The Roman goddess Diana was venerated from the late sixth century BC as diva triformis, "three-form goddess", and early on was conflated with the similarly depicted Greek goddess Hekate. Andreas Alföldi interpreted a late Republican numismatic image as Diana "conceived as a threefold unity of the divine huntress, the Moon goddess and the goddess of the nether world, Hekate". This coin shows that the triple goddess cult image still stood in the lucus of Nemi in 43 BC. The Lake of Nemi was Triviae lacus for Virgil (Aeneid 7.516), while Horace called Diana montium custos nemoremque virgo ("keeper of the mountains and virgin of Nemi") and  diva triformis ("three-form goddess"). In his commentary on Virgil, Maurus Servius Honoratus said that the same goddess was called Luna in heaven, Diana on earth, and Proserpina in hell.

Spells and hymns in Greek magical papyri refer to the goddess (called Hecate, Persephone, and Selene, among other names) as "triple-sounding, triple-headed, triple-voiced..., triple-pointed, triple-faced, triple-necked". In one hymn, for instance, the "Three-faced Selene" is simultaneously identified as the three Charites, the three Moirai, and the three Erinyes; she is further addressed by the titles of several goddesses. Translation editor Hans Dieter Betz notes: "The goddess Hekate, identical with Persephone, Selene, Artemis, and the old Babylonian goddess Ereschigal, is one of the deities most often invoked in the papyri."

E. Cobham Brewer's 1894 Dictionary of Phrase & Fable contained the entry, "Hecate: A triple deity, called Phoebe or the Moon in heaven, Diana on the earth, and Hecate or Proserpine in hell," and noted that "Chinese have the triple goddess Pussa". The Roman poet Ovid, through the character of the Greek woman Medea, refers to Hecate as "the triple Goddess"; the earlier Greek poet Hesiod represents her as a threefold goddess, with a share in earth, sea, and starry heavens. Hecate was depicted variously as a single womanly form; as three women back-to-back; as a three-headed woman, sometimes with the heads of animals; or as three upper bodies of women springing from a single lower body ("we see three heads and shoulders and six hands, but the lower part of her body is single, and closely resembles that of the Ephesian Artemis".)

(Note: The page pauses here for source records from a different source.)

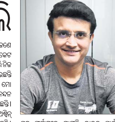
ସବୁ ଫର୍ମାଟ୍‌ରେ ଗାଙ୍ଗୁଲି ଭାରତ ପାଇଁ ୧୯୫୮ ମ୍ୟାଚ୍‌ରେ ନେତୃତ୍ୱ ନେଇଥିଲେ।

ନୂଆଦିଲ୍ଲୀ, ୮୭(ପି.ଟି.): ଭାରତୀୟ କ୍ରିକେଟକୁ ନୂଆ ରୂପ ଦେଇଥିବା ପୂର୍ବତନ ଅଧିନାୟକ ତଥା ଭାରତୀୟ କ୍ରିକେଟ କେଣ୍ଡ୍ରାଲ ବୋର୍ଡ (ବିସିଆଇ) ସଭାପତି ସୌରଭ ଗାଙ୍ଗୁଲି କୁସ୍‌ବାର ୪୮ ବର୍ଷରେ ପଦାର୍ପଣ କରିଛନ୍ତି। ଜନ୍ମଦିନରେ ଗାଙ୍ଗୁଲିଙ୍କୁ ଶୁଭେଚ୍ଛା ଦିଆ ଅଭିନନ୍ଦନ ଶୁଣି ଛୁଟିଛି। ବ୍ୟାଟିଂ ଲିକେଣ୍ଡ ସଦିନ ତେନ୍ଦୁଲକର ଏହି ଅବସରରେ ତାଙ୍କୁ ଶୁଭେଚ୍ଛା ଜଣାଇଛନ୍ତି। ପଡ଼ିଆ ଭିତରେ ଯେପରି ଆମର ବନ୍ଧୁ ରହିଥିଲା ପଡ଼ିଆ ବାହାରେ ମଧ୍ୟ ତାହା ଅଧିକ ରୁଚୁ ଓ ଆଗାମୀ ବର୍ଷ ମଙ୍ଗଳମୟ ହେଉ ବୋଲି ସଦିନ ରୁଜୁ କରୁ ଉଲ୍ଲେଖ କରିଛନ୍ତି। ସେହିପରି ପୂର୍ବତନ ବ୍ୟାଟ୍‌ମ୍ୟାନ ଭି.ଭି.ଏସ୍. ଲକ୍ଷ୍ମଣ ଶୁଭେଚ୍ଛା ଜଣାଇଛନ୍ତି। ଆଗକୁ ଆପଣ ଆହୁରି ସଫଳତା ଓ ଭଲପାଇବା ହାସଲ କରନ୍ତୁ ବୋଲି ସେ ରୁଜୁ କରୁଛନ୍ତି।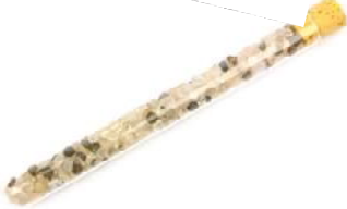
Truth Bergkristall, Labradorit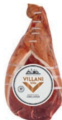
PRO700 PROSCIUTTO EMILIANO S/O ADDOBBO VILLANI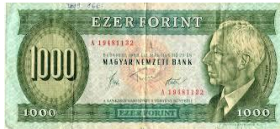
Nem Bartók Béla portréja került az első ezer forintosokra (1983) hanem Medgyessy Ferenc Szoptató anyja (1917/1932) munkája.

A nem-eurót használó országok bankjegyei közül is bemutatok néhányat: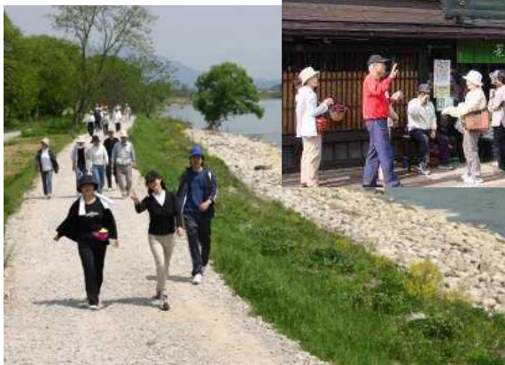
管理用通路をフットパスとして活用 (最上川)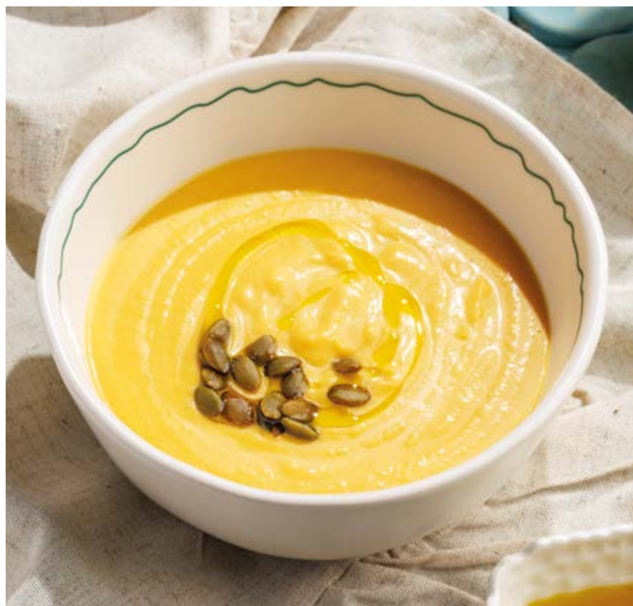
ТЫКВЕННЫЙ КРЕМ-СУП, 550₽ Cream of pumpkin soup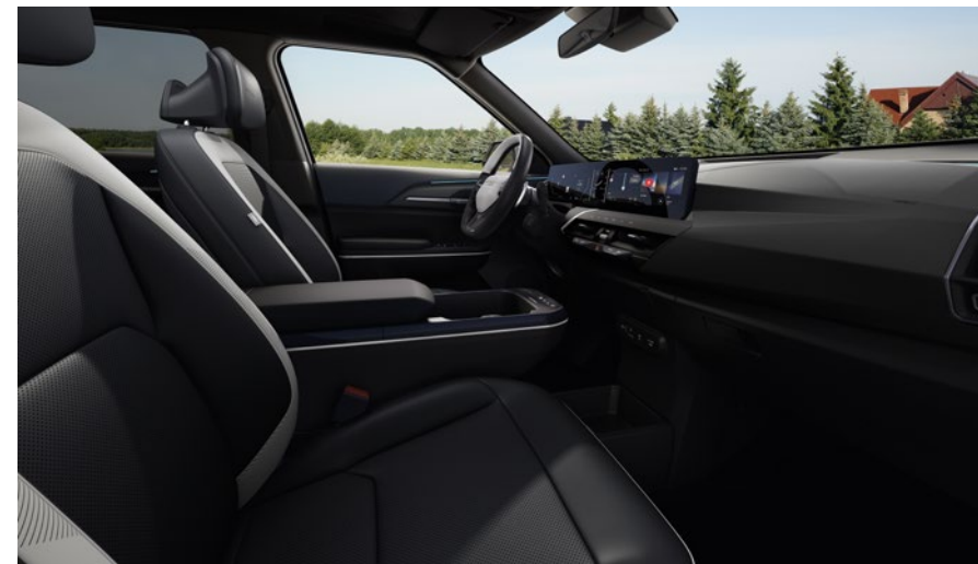
Cuir vegan - Noir / Blanc & Ciel de Toit - Noir (de série sur GT Line) Vegan leder - Zwart / Wit & Dakhemel - Zwart (standaard op GT Line)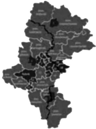
Rysunek 1. Historyczna granica pomiędzy Śląskiem a Małopolską 7

Antagonizm o szczególnym natężeniu dotyczący mieszkańców województwa śląskiego występuje między Górnoszlązakami i Zagłębiakami. Jego korzenie sięgają podziałów historycznych, w tym podziału wyznaczonego przez rzekę Brynicę (granica pomiędzy Śląskiem a Małopolską).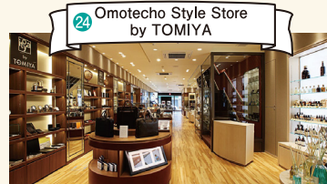
24 Omotecho Style Store by TOMIYA

冈山最好的包袋&钱包专卖店。商品以人气品牌PORTER等日本产的皮革产品为主。数量多达2,000件。非常具有吸引力。 TEL:086-231-0101 营业时间:10:00-19:30 定期休息日:星期二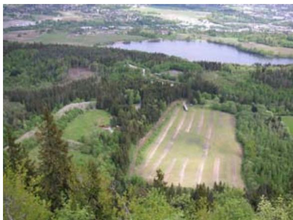
Utsikt over Jordbru.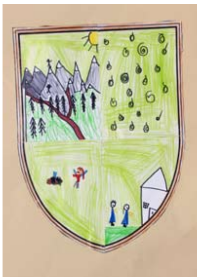
Lucija Svenšek, 1. a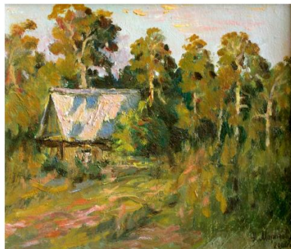
Этюд. 2000г. к.м. 20 x 25.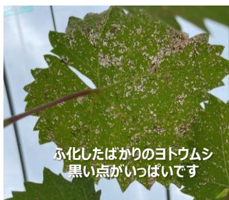
ふ化したばかりのヨトウムシ 黒い点がいっぱいです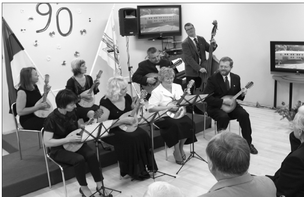
Siin ta on, Sürgavere koolile au ja kuulsust toonud mandoliiniorkester – vol. 2.

Hiljem jätkus pidu kultuurimajas, kus bändi saatel löödi tantsu varajaste hommikutundideni. Öhtu jooksul üllatasid kõiki Sürgavere kooli õpetajad, kes olid tähtsa päeva jaoks kokku pannud segarahvatantsurühma Helgi Linnase juhendamisel. Üles astus ka taasühinenud valgusteatr, kes koolis 1999. aastal tegutsema hakkas, kuid on tänaseks kahjuks laiali läinud. Peo jooksul leidis aset heategevuslik oksjon, mille tulu läks Sürgavere Põhikooli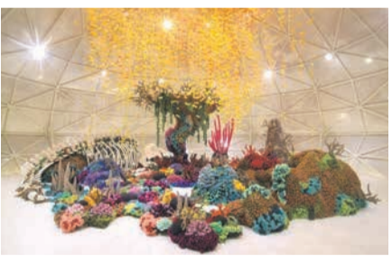
ムルヤナ(インドネシア)《海の記憶》2018年、個人蔵。かぎ針編みで作者の記憶の中にある理想の海を表現し、環境問題に警鐘を鳴らした作品

世界水泳福岡大会開催を記念し、日本、韓国、インドネシア、ベトナムなどアジアで活躍する8人の作家が「水」をテーマに制作した大型の作品や映像を紹介します。 海洋環境をテーマにしたもの、水害の脅威に向き合いながら力強く生きる人々の姿を描いたもの、水や川・海などのイメージに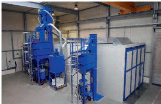
Strahlhalle ausgelegt für zwei verschiedene Strahlmittel mit automatischer Magnetabscheidung und Aufbereitungsanlage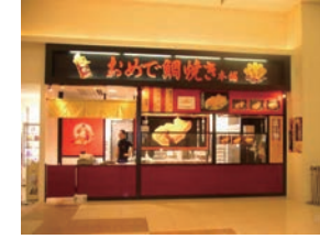
54号店 2009年8月 おめで鯛焼き本舗 イオン大垣店 有限会社ハヤシフーズ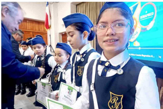
La actividad reunió a estudiantes en una instancia orientada a fortalecer comunidades escolares más preparadas y resilientes.

Con una jornada marcada por la reflexión, la prevención y el compromiso con la seguridad escolar, el Colegio Moisés Mussa fue sede de la conmemoración del Día Nacional de la Memoria y Educación sobre Desastres Socio-Naturales, instancia instaurada por la Ley N° 21.454, que establece cada 22 de mayo como una fecha para promover la conciencia frente a los riesgos y recordar a las víctimas del histórico terremoto de Valdivia de 1960.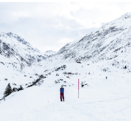
La vaste vallée offre détente et grandes bouffées d'air frais.

Il y a environ cinq minutes à pied entre la gare et le départ de la randonnée. On peut aussi prendre le bus, qui part toutes les demi-heures, jusqu'à l'arrêt «Brücke». Le temps de route est toutefois plus long (15 minutes).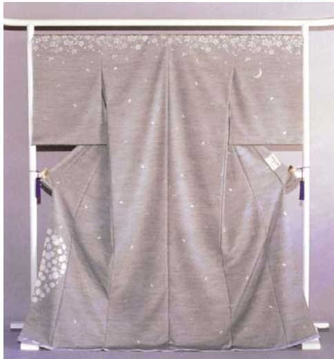
樋口隆司オリジナル作品 紬ちりめん訪問着「雪月花」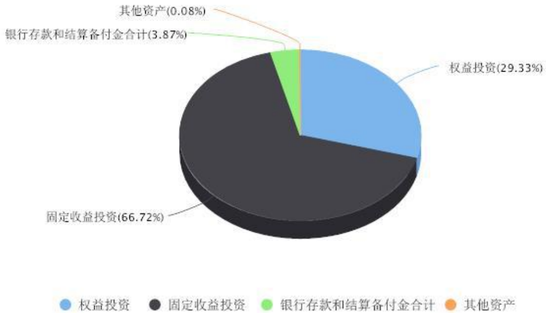
投资组合资产配置图表 数据截止日期:2025年09月30日

The Olympian demiurgic triad in platonic philosophy was made up of Zeus (considered the Zeus [king of the gods] of the Heavens), Poseidon (Zeus of the seas) and Pluto/Hades (Zeus of the underworld). All were considered to be ultimately a monad; the same Zeus who gave rise to the Titanic demiurgic triad of Helios (the sun when in the sky), Apollo (the sun seen in the world of humankind), and Dionysus (god of mysteries, or the "sun" of the underworld), as in Plato's Phaedrus, concerning the myth of Dionysus and the Titans)

Ancient Celtic cultures

The Matres or Matronae are usually represented as a group of three but sometimes with as many as 27 (3 × 3 × 3) inscriptions. They were associated with motherhood and fertility. Inscriptions to these deities have been found in Gaul, Spain, Italy, the Rhineland and Britain, as their worship was carried by Roman soldiery dating from the mid 1st century to the 3rd century AD. Miranda Green observes that "triplism" reflects a way of "expressing the divine rather than presentation of specific god-types. Triads or triple beings are ubiquitous in the Welsh and Irish mythic imagery" (she gives examples including the Irish battle-furies, Macha, and Brigit). "The religious iconographic repertoire of Gaul and Britain during the Roman period includes a wide range of triple forms: the most common triadic depiction is that of the triple mother goddess" (she lists numerous examples).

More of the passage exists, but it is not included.